Le président de l'UMP, Jean-François Copé, le 17 octobre 2013.

Le président de l'UMP, Jean-François Copé, le 17 octobre 2013. - -

L'UMP présentera d'ici à la fin de l'année une proposition de loi pour une réforme du droit du sol. Le texte prévoit la fin de l'acquisition automatique de la nationalité française pour les enfants nés en France de parents étrangers.

L'annonce a été faite par Jean-François Copé. Le président de l'UMP a indiqué que le comité politique de son parti -plus d'une trentaine de membres, copéistes et fillonistes- avait adopté mardi "à l'unanimité" son "plan pour une nouvelle politique de l'immigration". Cette question fera l'objet d'"une convention de l'UMP d'ici à la fin de l'année qui sera suivie, juste après, d'une proposition de loi".

"Il ne s'agit pas de remettre en cause le droit du sol. Mais quand on est né en France de parents étrangers en situation irrégulière, on n'a pas vocation à y rester. Et il n'est pas possible d'obtenir la nationalité française. Les enfants nés de parents étrangers en situation régulière ne peuvent pas obtenir la nationalité française de manière automatique.
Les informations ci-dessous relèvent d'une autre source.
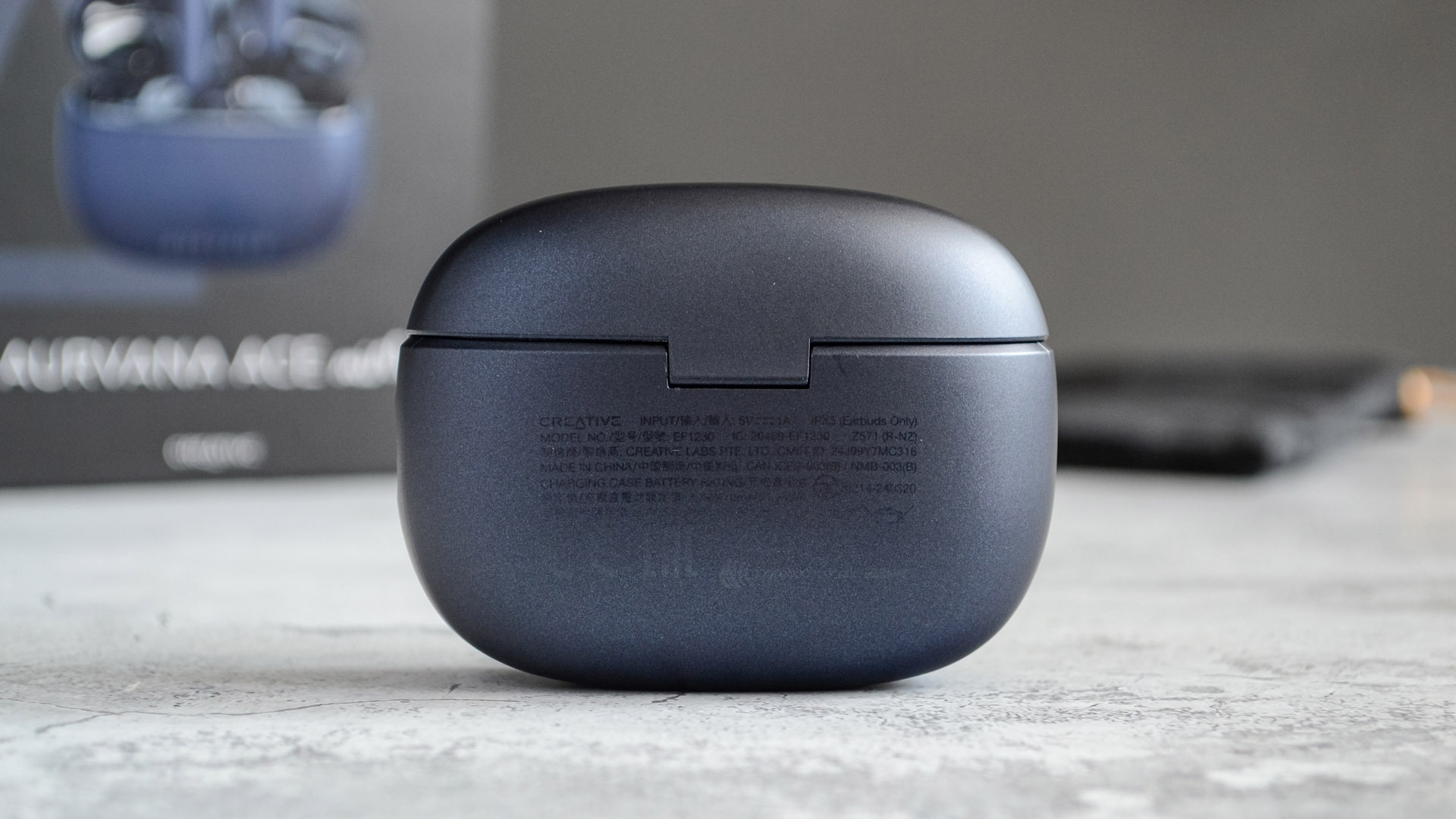 На обратной стороне кейса краской нанесена информация об устройстве, большая часть из которой малоинтересна. Из полезного: указана емкость аккумулятора кейса (470 мАч) и наушников (52 мАч).
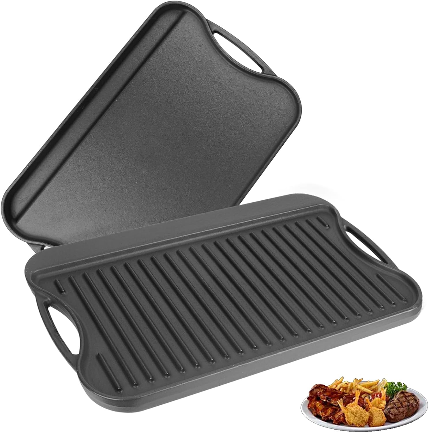 2 in 1 Reversible Cast Iron Griddle for Gas Grill, Flat Top Grill Pan for Gas Stove, Pre-Seasoned Oven Top pan,Upgrade Double Burner Griddle for Indoor & Outdoor Cooking Accessories, 17" X 10"

Ils doivent en faire la demande", a affirmé Jean-François Copé.

Selon lui, "la politique d'immigration actuelle est encore celle du XXe siècle, quand la France avait une immigration économique. Ce modèle ne fonctionne plus. Aujourd'hui, au XXIe siècle, on a une immigration répondant à des motifs sociaux". "La France est secouée par la montée des tensions communautaristes gravissimes d'un côté, de l'extrême droite de l'autre. Seule l'UMP peut apporter une solution", a lancé le président du parti.

Virage très à droite

Selon lui, "le nouveau modèle" de cette politique repose sur "quatre piliers". "Il faut complètement réorganiser Schengen et en exclure les pays ne contrôlant pas leurs frontières. Sinon, c'est la politique de la chaise vide pour la France", a developpé Jean-François Copé.
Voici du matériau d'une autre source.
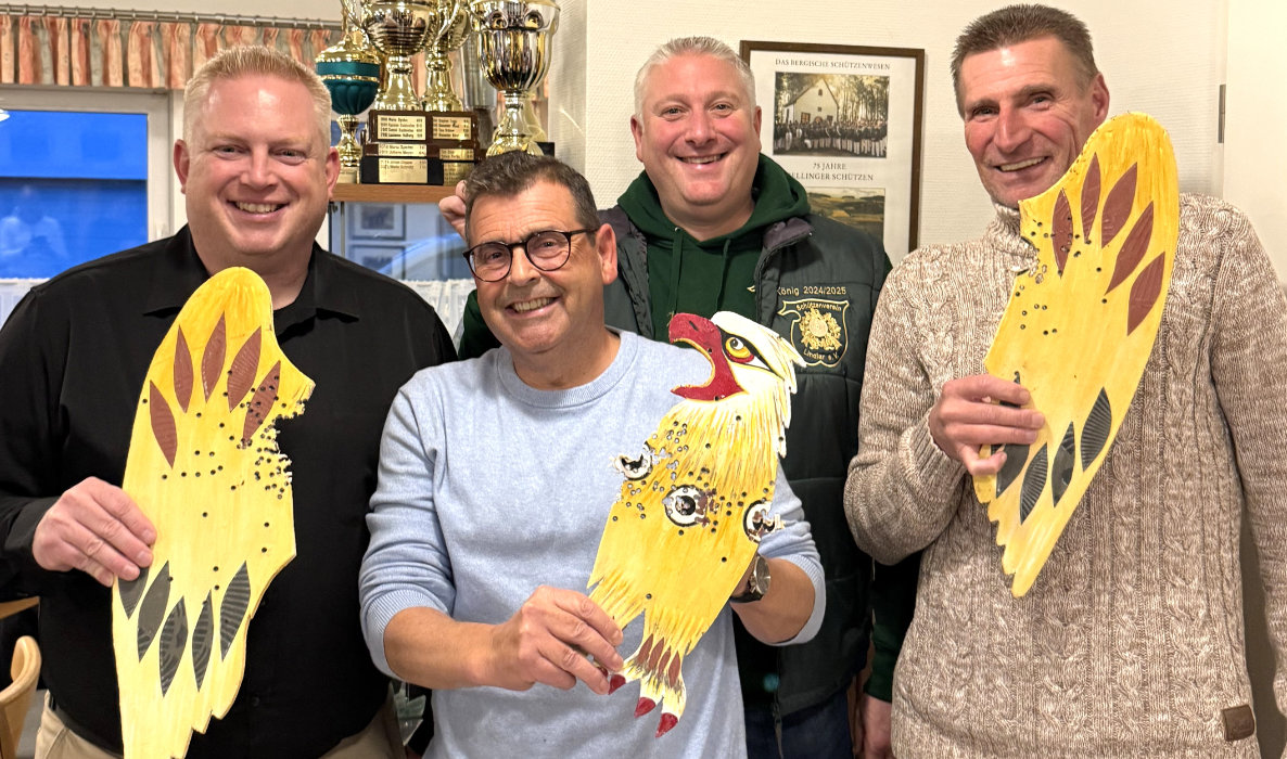 Mit dem amtierenden Schützenkönig startete der Wettkampf. Die kleine Krone des hölzernen Vogels ist als Trophäe unter Schützen besonders begehrt. Andreas Loser war der glückliche Schütze. Nach hartem Kampf gelang es dann auch Patrick Brocks, mit dem 179. Schuss den linken Flügel von der Stange zu holen. Michael Wolf (Schützenkönig 2012) hielt das Tempo mit und ließ mit dem 248. Schuss den rechten Flügel krachend zu Boden fliegen. Nachdem nun die Pfänder vergeben waren, entbrannte der Kampf um den Vogel. In einem spannenden Kampf wehrte sich das hölzerne Federvieh hartnäckiger als gedacht. Erst mit dem 312. Schuss gelang dann Markus Günther (Schützenkönig 2016) der Meisterschuss, der ihn für ein Jahr zum „König der Könige“ des Schützenvereins Lindlar und zum Gewinner des „Bruno-Hamm-Pokals“ macht.

Le président de l'UMP affirme vouloir "lutter sans faille contre l'immigration illégale qui est aujourd'hui adossée sur des filières mafieuses extrêmement bien infiltrées en France et soutenues par des associations à l'influence gauchiste".
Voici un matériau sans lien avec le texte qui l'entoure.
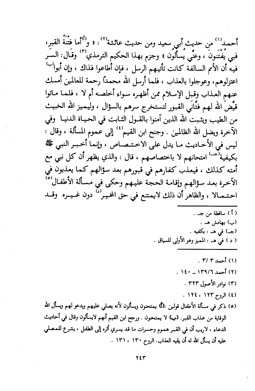 (¬5) ذكر في مسألة الأطفال قولين: (أ) يمتحنون ويسألون لأنه يصلي عليهم ويدعو لهم ويسأل الله الوقاية من عذاب القبر. (ب) لا يمتحنون. ورجع ابن القيم أنهم لا يسألون وقال في أحاديث الدعاء، لا ريب أن في القبر هموم وحسرات ما قد يسري أثره إلى الطفل، يشرع للمصلي عليه أن يسأل الله له أن يقيه العذاب. الروح 130، 131.
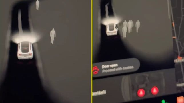 Para quem não sabe, os Teslas são capazes de exibir, na tela central, informações sobre objetos próximos – incluindo pedestres e outros veículos –, graças a uma série de sensores.
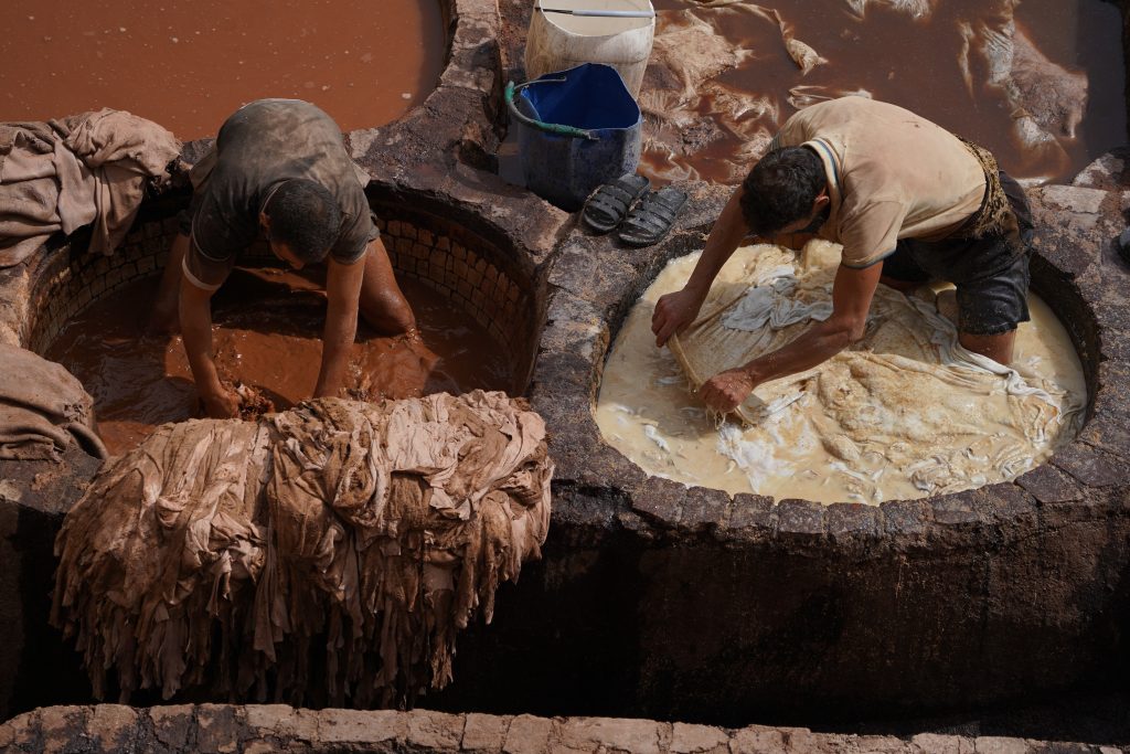 Turning animal skin into leather requires a cocktail of harmful chemicals, including mineral salts, formaldehyde, and coal-tar derivatives. Tanning exists to almost render skins “inorganic” in their behaviour, preventing them from effectively biodegrading as the organic tissues once were. This process not only pollutes the environment but also poses serious health risks to tannery workers and nearby communities.

"Il faut que la France cesse d'être le pays le plus attractif socialement en Europe pour les immigrés", ce qui implique "la suppression de l'AME [Aide médicale d'Etat] sauf cas d'urgence", et que la CMU [Couverture maladie universelle] et le RSA ne puissent être obtenus qu'après un certain nombre d'années de cotisation, soit "dix ans pour le RSA", a précisé Jean-François Copé. Pour le président de l'UMP, il faut "réussir l'assimilation de ceux qui sont en France, en luttant pour la laïcité et contre le communautarisme".